How do you make sense of something you’ve never seen before, when gaining that understanding might uncover the final, vital piece of the puzzle that solves a crime, brings a perpetrator to justice and offers closure for a victim and their family? This is what we aim to teach students on the Cranfield Digital Forensics MSc.
As a senior lecturer in digital forensics, I have spent more than a decade equipping students with the essential understanding and ways of working to be able to interpret digital evidence and solve cyber crimes. It is both a fascinating and hugely challenging area in which to work.
A future that’s always moving
Unlike in traditional forensics, where the target evidence type (blood, DNA, hair, clothes fibres etc) has remained pretty much the same – albeit advances in technology over many decades have enabled more detailed and robust evidence-gathering and analysis techniques – working in digital forensics means chasing a target that is not only a different shape and size, but is always moving with the times as technology advances.
A lot of people think working in digital forensics is all about examining cyber crimes but, in reality, we can be called on to gather and interpret evidence in just about any crime – from traffic collisions to murders.
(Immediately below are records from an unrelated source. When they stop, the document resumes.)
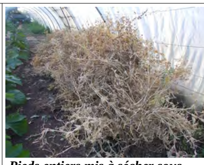
Pieds entiers mis à sécher sous serre en attendant stockage au sec.
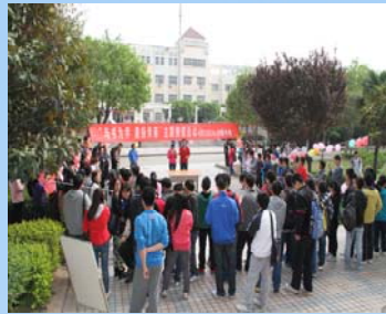
主题猜谜活动现场
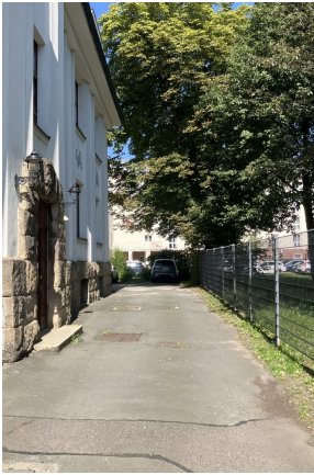
Am Schwanenteich 4, Zufahrt
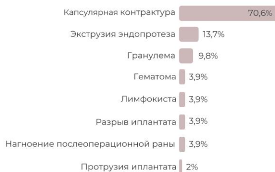
Диagr. 5 – Структура ранних послеоперационных осложнений при эндопротезировании

Ранние послеоперационные осложнения при изолированном эндопротезировании после ПМЭ или кожесохраняющей мастэктомии отмечены в 15,9% случаев (51), среди них: капсулярная контрактура – 70,6%, расхождение краев послеоперационной раны и экструзия эндопротеза – 13,7%, возникновение гранулемы – 9,8%, гематомы – 3,9%, лимфокисты – 3,9%, нагноение послеоперационной раны – 3,9%, протрузия эндопротеза – 2%, а также осложнения, связанные с самими имплантатами, такие как разрывы импланта – 3,9% (диаграмма 5).
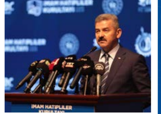
Turan Ergün Uşak Valisi

Çok Kıymetli Başkanım, bugün ise tekstil başta olmak üzere pek çok sanayi kolunda ülkemiz ekonomisine büyük katkılar sağlamaya devam etmektedir. Özellikle geri dönüşüm iplik üretiminde yıllık yaklaşık 411 milyon kilogram ile Türkiye pazarının yüzde 73'üne karşılık gelen bir üretim kapasitesine sahip olan Uşak şeh-
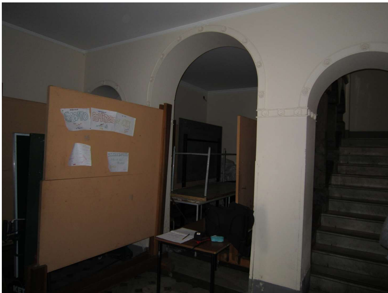
Dettaglio Hall Ingresso
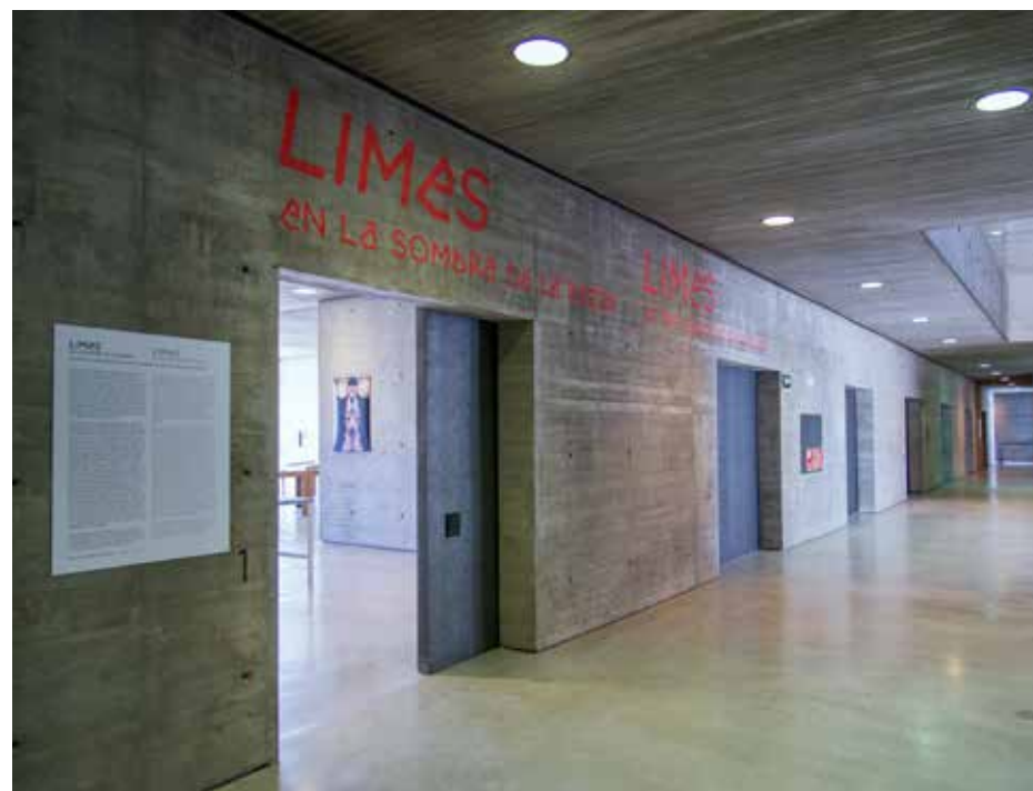
Acceso a la exposición.
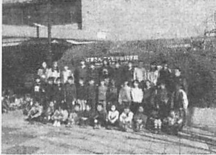
▲はまぎんこども宇宙科学館にて

4年生は、校外学習へ出かけました。コロナ禍でしたが、2つの施設とも本校のみの貸切で実施できました。はまぎんこども宇宙科学館では、科学に関する様々なアトラクションを楽しんだり、プラネタリウムを鑑賞したりしました。また、横浜市防災センターでは、各種体験を通して防災意識を高めました。
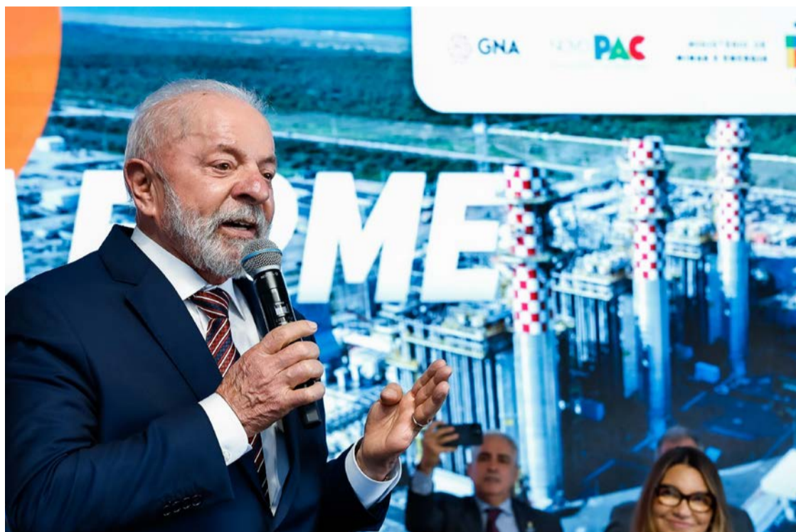
Lula demonstra incômodo com denúncias envolvendo Jaques Wagner

Integrantes do Planalto que antes defendiam o afastamento de Wagner por causa de problemas na articulação política afirmaram nesta quinta à Folha de S. Paulo que sugeririam a Lula mantê-lo no cargo.
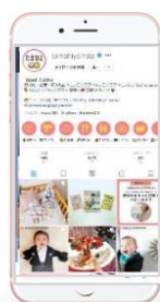
Instagram たまひよ公式 15.4万フォロワー
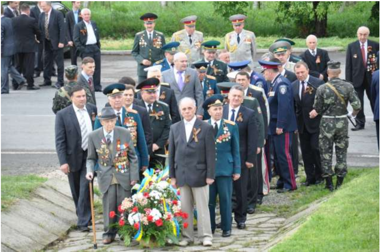
Покладання квітів до монументу Україна – визволителям на українсько – словацькому кордоні 9 травня 2012 року
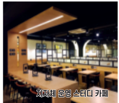
지자체 운영 스터디 카페
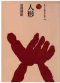
「人形」 是澤博昭・著 法政大学出版局

興風図書館 ☎ 7123-7611 南図書館 ☎ 7125-7981 北図書館 ☎ 7129-8811 せきやど図書館 ☎ 7198-4946
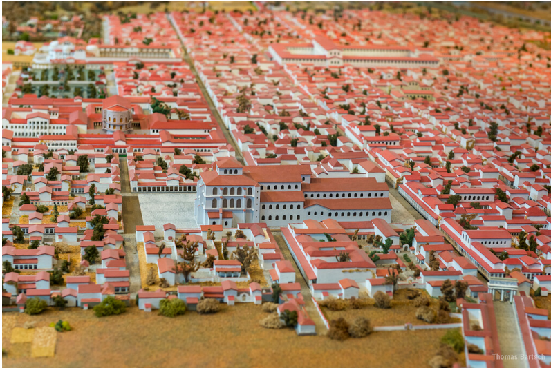
Darstellung der konstantinischen Doppelkirchenanlage mit zwei nach Osten ausgerichteten, dreischiffigen Basiliken (der spätere Trierer Dom) auf dem Stadtmodell der römischen Augusta Treverorum im 4. Jahrhundert im Rheinischen Landesmuseum Trier (2022).
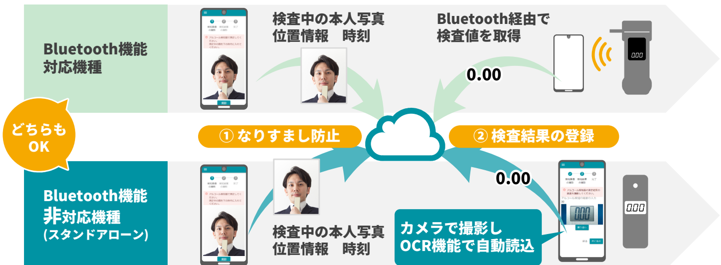
運転者のアルコールチェックの流れ
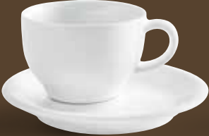
Cappuccino International-Obertasse, bordglasiert cappuccino international cup, rim glazed 0,23 l *, 6,4 cm hoch/high Art. Nr. 21 5126PRO Kombi-Untertasse / saucer
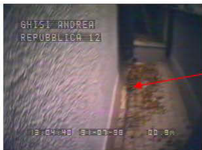
2° Pluviale non siamo riusciti a passare causa ostruzione del bocchettone
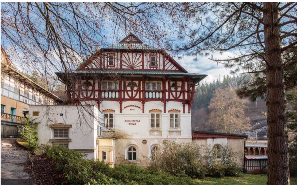
Celý areál Vodoléčebného ústavu bude po rekonstrukci další luhačovickou dominantou
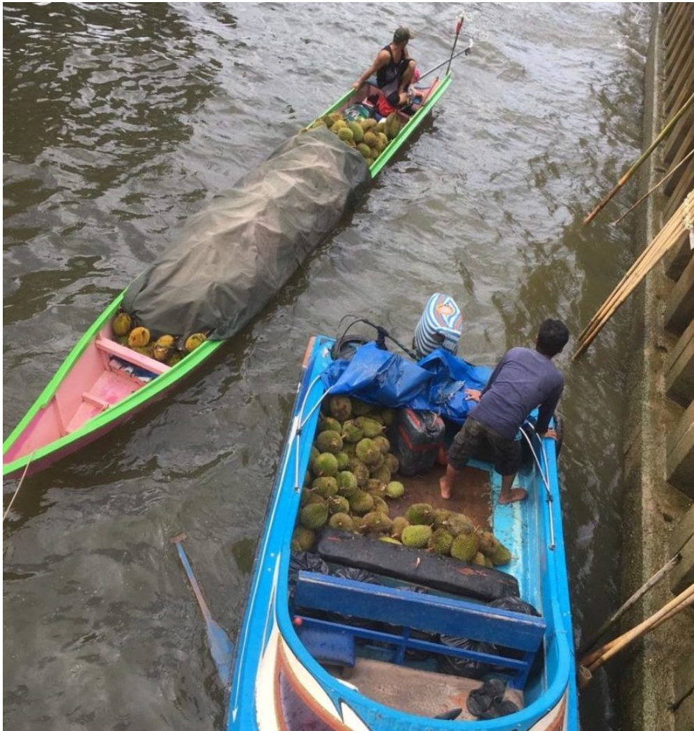
Transport der Durian-Ernte auf dem Kayan-Fluss.

Nicht nur der Extraktivismus bedroht die Durian. In Nordkalimantan heißt die Bedrohung ‚grüne Energie‘. Dort sind, am Kayan und weiteren Flüssen, fünf Staudämme für Wasserkraftwerke mit einer Gesamtkapazität von 9000 Megawatt geplant. Rund 70 Prozent des Stroms sollen in das Industriegebiet und den internationalen Hafen Tanah Kuning-Mangkupadi ( Kawasan Industri dan Pelabuhan Internasional , KIPI) fließen. Der Rest wird zum Teil nach Malaysia exportiert, zum Teil fließt er in andere Gebiete Kalimantanans.
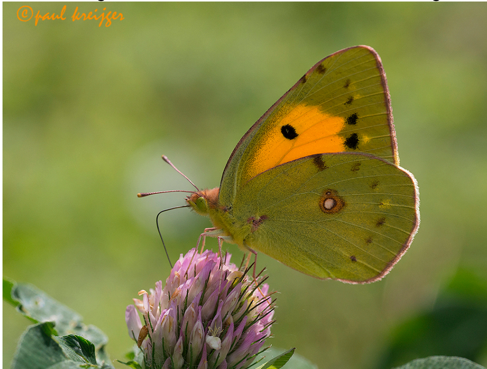
Foto: oranje luzerne vlinder

The abundance of technology and the fact it is all around us means that, no matter where you are or what you’re doing, someone is probably watching, capturing or creating a digital trace of something you’re doing or linking you to where you are.
Think about the mobile phones we all carry around with us – the amount of passive activity they generate is phenomenal. There have been cases brought before the courts where health data apps on someone’s phone placed that person at the location at the time and date an incident occurred. CCTV, telematics in your car, your smart home alarm, your Alexa, your Google Nest, your Hive thermostat, your mobile-controlled light bulbs – we want to be more technologically connected, but the more we build our lives the bigger the digital trace we leave behind.
The indisputable truth
Digital forensics as a discipline involves gathering this digital trace data from these various sources and using it – to the best of our ability – to build up a picture of what a person has done or where they have been during a certain time frame. We don’t add to or take anything away from the data, but we ensure it is gathered in such a way that there can be no doubt about its authenticity or the fact that it belongs to that person.
It’s a technical and challenging field in which to work. You’re pushed to keep up as technology changes and develops. There will be people that engage with digital technology while committing crimes, whose digital trace will be vast, and others that have from the outset the intention to leave behind as little a trace as possible. Both pose challenges.
Developing an investigative mindset
Preparing our students to work in an ever-changing environment like this is a key area of focus for everyone in Cranfield Forensic Institute (CFI).
We have facilities that are state-of-the-art, and students on our courses get to work with the latest technologies and try out the newest techniques. But we are not about teaching specifics like these, otherwise, with the pace of technological change, there is a real risk they will find their skills outdated by the time they finish their course.
Instead, we aim to equip them with the investigative mindset. We want them to learn the skills that they will use to investigate and interpret things they’ve never seen before – that we can’t even predict right now – throughout their careers.
Take our Digital Forensics MSc, for example. Aimed at people wanting to enter the field from related disciplines like computing or law enforcement, as well as those already operating as practitioners who want to improve their skills and progress their career, it focuses on teaching people how to solve problems: how to get to grips with and make sense of the unknown.
Participants gain the ability to look at some data and work out how they go about learning what it means. They learn how to go from nothing to everything through the process of testing, evaluation and interpretation. Ultimately, what tool you use to do that doesn’t matter as long as you engage in the proper investigative process and do it robustly, accurately – be a good practitioner essentially.
In digital forensics, you’re going to encounter the unknown every day, so we can’t be comprehensive and say that we can teach them everything they will ever see and what they need to do to investigate those things. We can’t get anywhere close to that. All we can do is teach them the skills to constantly deal with the unknown.